日本語サイトで一行が長すぎると、文章が読まれにくくなる

日本語サイトで一行が長すぎると、文章が読まれにくくなるのイメージ

PC画面いっぱいに日本語本文を広げると、改行後の行頭を見失いやすくなります。W3Cのアクセシビリティ資料を踏まえ、行長、余白、文字サイズを実務で調整する方法を解説します。

横幅を広く使うことが、読みやすさとは限らない

大きなPC画面で本文を端から端まで広げると、一行に多くの文字が入り、次の行の先頭を見失いやすくなります。画面を有効利用しているように見えても、長文では読む負担が増えます。

本文、比較表、写真ギャラリーは必要な幅が異なります。ページ全体を一つの最大幅にせず、文章部分に読みやすい幅を設定します。

W3CはCJKで一行40字を目安にしている

WCAGの視覚表現に関する解説では、行を80字またはグリフ以内、CJK(中国語・日本語・韓国語)では40字以内にする考え方が示されています。長い行が、視覚・認知上の困難がある人の読書を妨げるためです。

これはすべての日本語サイトを機械的に40字へ固定する指定ではありません。フォント、文字サイズ、読者、端末、文章の種類と合わせて、長すぎない基準として使います。

文字数に近い単位で本文幅を決める

CSSのchは「0」の幅を基準にするため、日本語一文字と完全には一致しませんが、px固定より文字サイズとの関係を保ちやすい方法です。日本語ではemを使い、40em前後から実画面で調整する方法もあります。

幅だけでなく、行間、段落間、見出し、漢字と英数字の混在も確認します。

.article-body {
  max-width: 40em;
  margin-inline: auto;
  padding-inline: 20px;
  line-height: 1.8;
}

スマホでは余白を取りすぎない

狭い画面で左右余白を大きくしすぎると、一行が短くなりすぎ、改行が増えます。PCでは本文幅を制限し、スマホでは安全な余白を残しつつ画面を使うように調整します。

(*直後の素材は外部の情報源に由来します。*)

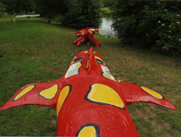 Die farbenfrohen Skulpturen von Marion Quitz mit ihren ausladend sinnlichen Formen akzentuieren die Uferzone in auffallender Weise. Ein mythisch anmutender Zug amphibischer Gestalten, auf der Suche nach einem neuen Paradies, die noch nicht entschieden haben, ob sie vom Wasser wegziehen oder dorthin zurückkehren. Dabei wechselt das reale Sujet über das Märchenhaft-Fantastische in den Bereich der subjektiven Fantasie. Immerhin könnten die mit mehreren Schichten Zeitungspapier beklebten, wassserdicht isolierten und schließlich in leuchtenden Rottönen bemalten Drahtkonstruktionen auch gute Geister sein. Dieser Eindruck verstärkt sich noch in den Abendstunden, wenn durch gespeicherte Solarenergie die Fische von innen heraus zu leuchten beginnen, und die Gruppe ein geheimnisvolles Eigenleben in der Landschaft entfaltet. Im Wechselspiel von Wieder-Erkennung und Verfremdung, von intuitiver emotionaler Gestaltung und ethisch-moralischem Anliegen werden hier neue Überlebensweisen trainiert, während die Künstlerin die verloren gegangene Harmonie der Schöpfung reklamiert. Der große Fischzug will unser Auge nicht nur erfreuen, er will uns vielmehr sensibilisieren für die Notwendigkeit, mit unseren Gewässern verantwortungsvoller umzugehen, wenn uns Artenvielfalt und Lebensqualität der Kreatur wirklich etwas bedeuten. |

本文の中に長いURL、英単語、表があると横スクロールが起きる場合があります。日本語本文だけでなく実データで確認します。

段落と見出しで読み進める手掛かりを作る

要素確認点
本文幅PCで一行が長くなりすぎない
行間行が密着せず、離れすぎない
段落一段落を長くしすぎない
見出し内容を予測できる言葉にする
強調太字や色を連続させすぎない

利用者が文字を拡大しても壊れないようにする

ブラウザのズームやOSの文字拡大で、文字が重なる、切れる、横スクロールが発生しないか確認します。高さを固定したカードやボタンは、文字が二行になったときに壊れやすい部分です。

一行の文字数を整える目的は、デザインを揃えることではなく、内容を読み続けられる状態にすることです。

まとめ

日本語本文は画面いっぱいに広げず、一行40字程度を一つの目安として実際のフォントと端末で調整します。本文幅、行間、段落、文字拡大を一緒に確認すると、長文を読み進めやすくできます。